Dia da Consciência Negra é comemorado em 20 de novembro em todo o país. 

A data homenageia o Zumbi, um escravo que foi líder do Quilombo dos Palmares. Zumbi morreu em 20 de novembro de 1695.

O objetivo do Dia da Consciência Negra é fazer uma reflexão sobre a importância do povo e da cultura africana, assim como o impacto que tiveram no desenvolvimento da identidade da cultura brasileira.

A sociologia, a política, a religião e a gastronomia entre várias outras áreas foram profundamente influenciadas pela cultura negra.
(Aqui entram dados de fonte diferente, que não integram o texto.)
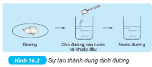 Ví dụ: khi hòa tan đường vào trong nước, sau khi khuấy đều chúng tạo thành hỗn hợp đồng nhất chứa nước và đường. Trong đó
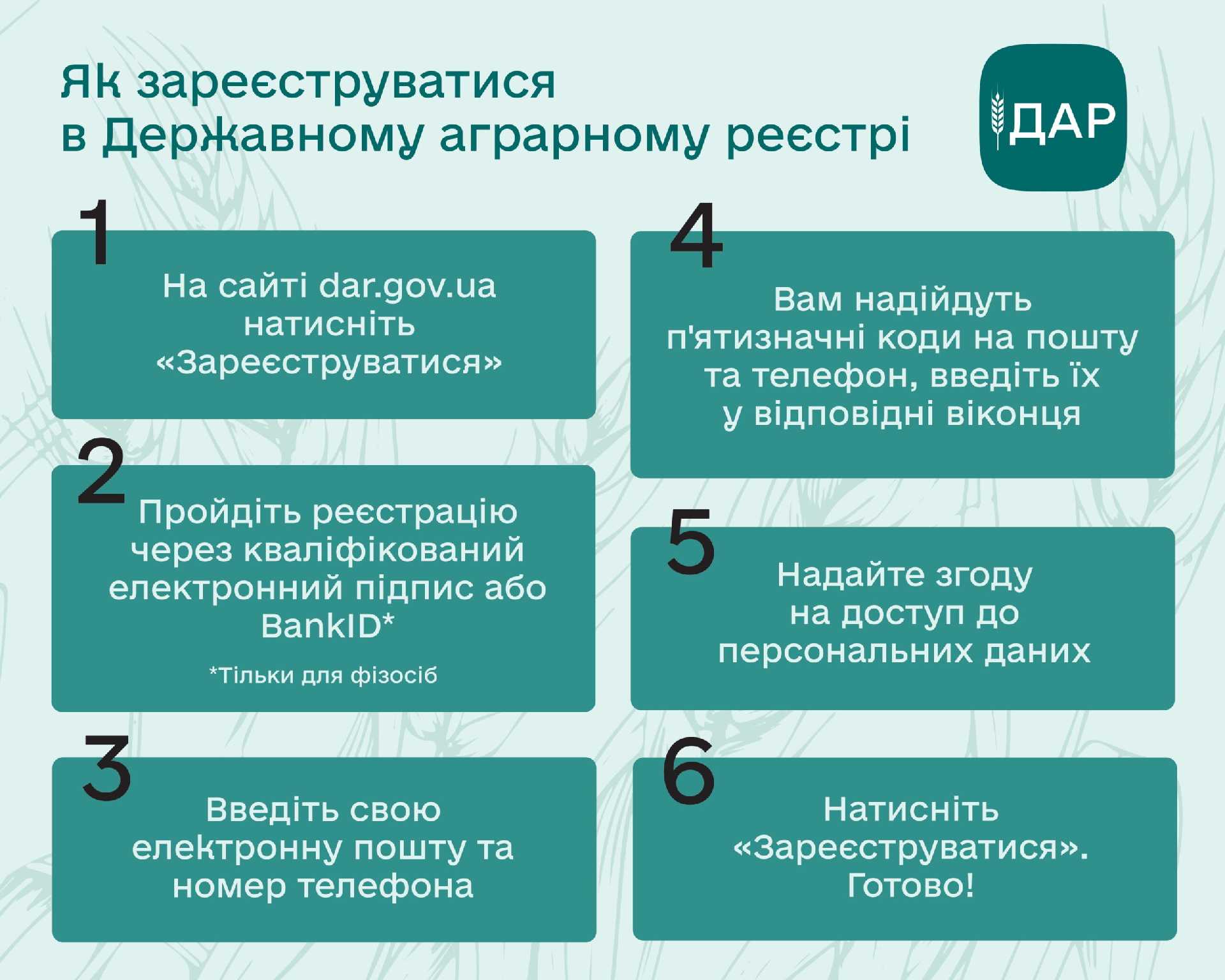 Доступ до Державного аграрного реєстру: www.dar.gov.ua
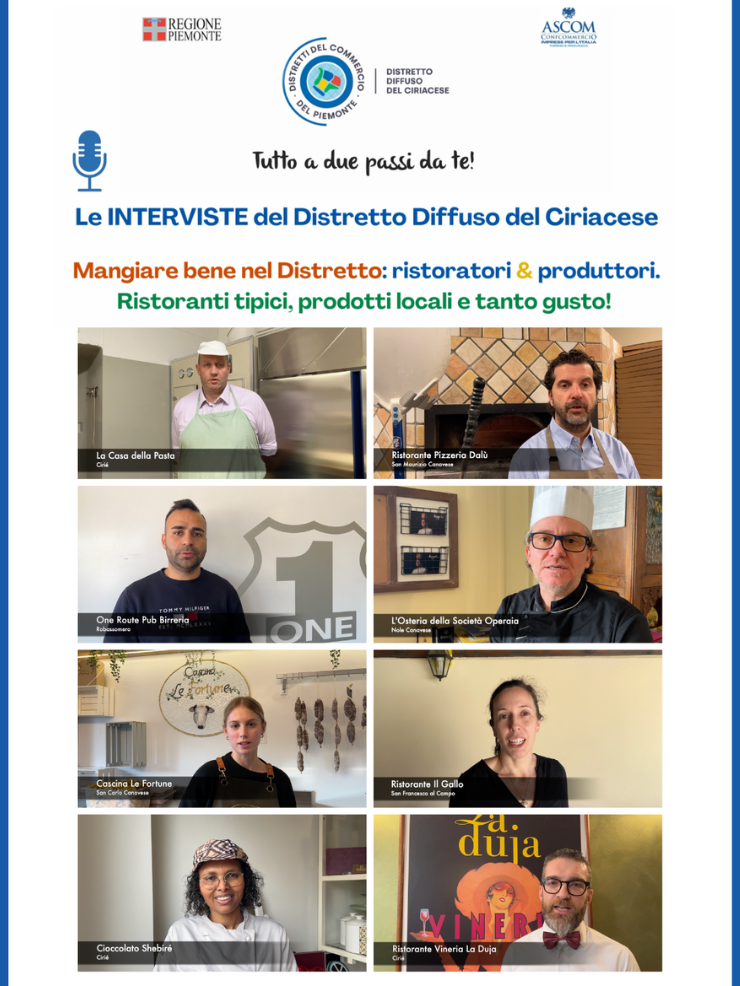 Il Distretto Diffuso del Ciriacese ha pubblicato le prime prime videointerviste a ristoratori e produttori di eccellenze gastronomiche locali: https://www.distrettodiffusodelciriacese.it/post/le-interviste-del-distretto-diffuso-del-ciriacese-i-ristoratori-e-i-produttori-di-eccellenze-gastro

Este é um dia de comemorar e mostrar profundo apreço pela cultura afro-brasileira.

Origem do Dia Nacional da Consciência Negra

O Dia da Consciência Negra foi estabelecido pelo projeto Lei nº 10.639, no dia 9 de janeiro de 2003. No entanto, apenas em 2011 a presidente Dilma Roussef sancionou a Lei 12.519/2011 que cria a data, sem obrigatoriedade de feriado.

No entanto, atualmente, o Dia Nacional da Consciência Negra é considerado feriado em mais de mil municípios.

História de Zumbi

No período do Brasil colonial, Zumbi simbolizou a luta do negro contra a escravidão que sofriam os brasileiros de etnia negra. Zumbi morreu enquanto defendia a sua comunidade e lutava pelos direitos do seu povo.

Os quilombos, liderados por Zumbi, formavam a resistência ao sistema escravocrata que vigorava, e eram os principais responsáveis pela preservação da cultura africana no Brasil.


Zumbi lutou até a morte contra a escravidão, que só viria acabar em 1888, com a abolição oficial da escravatura no Brasil, cerca de 193 anos após sua morte.